Hey,
yes, it is possible, but not with aggregate_temporal_period yet. Unfortunately, aggergate_temporal_period doesn’t support the yearly period yet, see also the corresponding issue: aggregate_temporal_period: No support for a period of type: year · Issue #145 · Open-EO/openeo-geopyspark-driver · GitHub
You can fall back to aggregate_temporal though. Here’s an example in R that uses pre-computed NDVI values:
p = processes()
datacube1 = p$load_collection(
id = "CGLS_NDVI_V3_GLOBAL",
spatial_extent = list("east" = 7.763041605582233, "north" = 52.10387582302508, "south" = 51.82970111402692, "west" = 7.498213761663553),
temporal_extent = list("2016-01-01T00:00:00Z", "2022-01-01T00:00:00Z"))
datacube2 = p$drop_dimension(data = datacube1, name = "bands")

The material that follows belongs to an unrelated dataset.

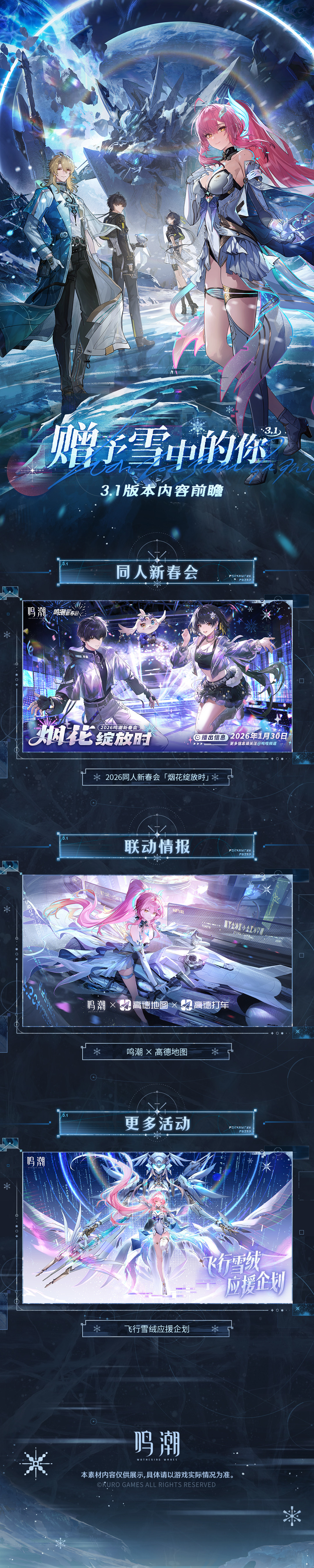 《鸣潮》版本前瞻 | 3.1版本「赠予雪中的你」2月5日即将更新光环小G发布于 01-26关注《鸣潮》版本前瞻 | 3.1版本「赠予雪中的你」2月5日即将更新《鸣潮》3.1版本前瞻通讯现已结束。漂泊者可点击下方图片,回顾本次前瞻通讯的精彩内容!
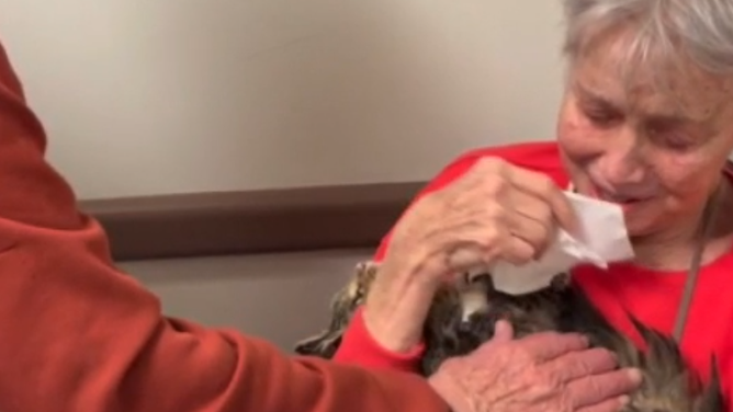 Watch the emotional moment when a Los Angeles woman reunited with her cat two months after Palisades Fire.

reducer1 = function(data) {
return(p$mean(data = data))
}
datacube5 = p$aggregate_temporal(
data = datacube2,
intervals = list(list("2016-01-01T00:00:00Z", "2017-01-01T00:00:00Z"), list("2017-01-01T00:00:00Z", "2018-01-01T00:00:00Z"), list("2018-01-01T00:00:00Z", "2019-01-01T00:00:00Z"), list("2019-01-01T00:00:00Z", "2020-01-01T00:00:00Z"), list("2020-01-01T00:00:00Z", "2021-01-01T00:00:00Z"), list("2021-01-01T00:00:00Z", "2022-01-01T00:00:00Z")),
labels = list(2016, 2017, 2018, 2019, 2020, 2021),
reducer = reducer1)
datacube4 = p$save_result(data = datacube5, format = "GTIFF")
or as process:
{
"process_graph": {
"1": {
"arguments": {
"bands": null,
"id": "CGLS_NDVI_V3_GLOBAL",
"spatial_extent": {
"east": 7.763041605582233,
"north": 52.10387582302508,
"south": 51.82970111402692,
"west": 7.498213761663553
},
"temporal_extent": [
"2016-01-01T00:00:00Z",
"2022-01-01T00:00:00Z"
]
},
"process_id": "load_collection"
},
"2": {
"arguments": {
"data": {
"from_node": "1"
},
"name": "bands"
},
"process_id": "drop_dimension"
},
"4": {
"arguments": {
"data": {
"from_node": "5"
},
"format": "GTIFF"
},
"process_id": "save_result",
"result": true
},
"5": {
"arguments": {
"data": {
"from_node": "2"
},
"dimension": null,
"intervals": [
[
"2016-01-01T00:00:00Z",
"2017-01-01T00:00:00Z"
],
[
"2017-01-01T00:00:00Z",
"2018-01-01T00:00:00Z"
],
[
"2018-01-01T00:00:00Z",
"2019-01-01T00:00:00Z"
],
[
"2019-01-01T00:00:00Z",
"2020-01-01T00:00:00Z"
],
[
"2020-01-01T00:00:00Z",
"2021-01-01T00:00:00Z"
],
[
"2021-01-01T00:00:00Z",
"2022-01-01T00:00:00Z"
]
],
"labels": [
2016,
2017,
2018,
2019,
2020,
2021
],
"reducer": {
"process_graph": {
"1": {
"arguments": {
"data": {
"from_parameter": "data"
}
},
"process_id": "mean",
"result": true
}
}
}
},
"process_id": "aggregate_temporal"
}
}
}
Hope it helps. Let me know if there are additional questions.